THR: Do you remember early instances of feeling outraged that favorites were not winning?
Bogdanovich: Well, I remember Ben-Hur won 11 Oscars or something in 1960, and I didn’t like that picture much. It was the same year as Anatomy of a Murder, I think, and North by Northwest, and I was sort of becoming an auteurist.
THR: Did Hitchcock deserve it for Psycho in 1961?
Bogdanovich: Well, I was never a big fan of Psycho. I mean, I respected the picture but I didn’t really like it. It got nominated, but Hitchcock never did win a competitive Oscar. I met him that year for the first time. I had the temerity to tell him I didn’t like Psycho. I sort of said, “Not my favorite of your films.” He said, “That’s because you didn’t understand the humor with which it was approached.” I said, “The humor?” He said, “Yes, I could never make a picture like that seriously.”
THR: But when you got to know people like that, people who famously never won like Hitchcock and Cary Grant and Howard Hawks, do you think it bothered them?

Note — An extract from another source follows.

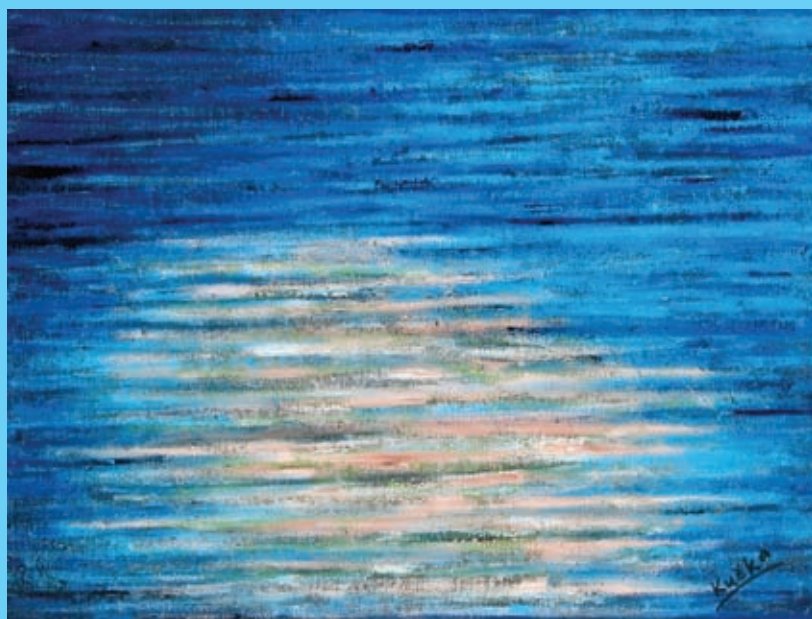
Vibrace věčnosti – olej na plátně 45x60 cm

Bogdanovich: I think Cary may have cared about it. I think he was pissed off about it. I remember when he and Dyan Cannon were getting divorced, it was a big thing in the papers that she said that Cary Grant was crazy because every year during the Oscars, he would sit in front of the TV and yell at the people.
I interviewed Cary about the Oscars once for New York magazine in the ’70s. And he went to great lengths saying, “Well, it used to be fun. It wasn’t this big thing.” He said, “It was a party. We’d all just sit around and get drunk and then we’d get up and say, ‘All right, Freddie March, we know you’re making a million dollars, come on up and get your little award.’ ” And Jimmy Stewart echoed that. It was like the Golden Globes today; everybody sat around and got bombed.
THR: What about Orson Welles? Of course he won for co-writing Citizen Kane but not for directing.
Bogdanovich: Yeah. I once said, “You won the screenplay.” He said, “I don’t really like you pointing that out. I try to forget that.” He preferred to see it like he had never won.
Funny story about the Oscars with Orson: When he got the special Oscar in 1971, I said, “That’s terrific, Orson, they’re going to give you a special Oscar. Are you going to go pick it up?” He said, “No.” I said, “Why not?” He said, “I’m not gonna do that for them. They’re not gonna get me that way.” So he didn’t go; he asked John Huston to go. And we were sitting, literally, in a bungalow at the Beverly Hills Hotel, watching the Oscars, Orson and his girlfriend Oja Kodar and Cybill and I. And when Orson won, John got up and got the award and said, “I’m gonna take this to Orson, who is in Spain, shooting. Sorry he couldn’t be here.” And Orson yells at the TV, “Yeah, bring it right over, John!”
THR: So when you got eight nominations for Last Picture Show in 1972, how did you feel about it?
Bogdanovich: I was overwhelmed. It felt great. You know? I was in Stockholm shooting, and it took some of the heat off the fact that I couldn’t meet Ingmar Bergman because he was busy.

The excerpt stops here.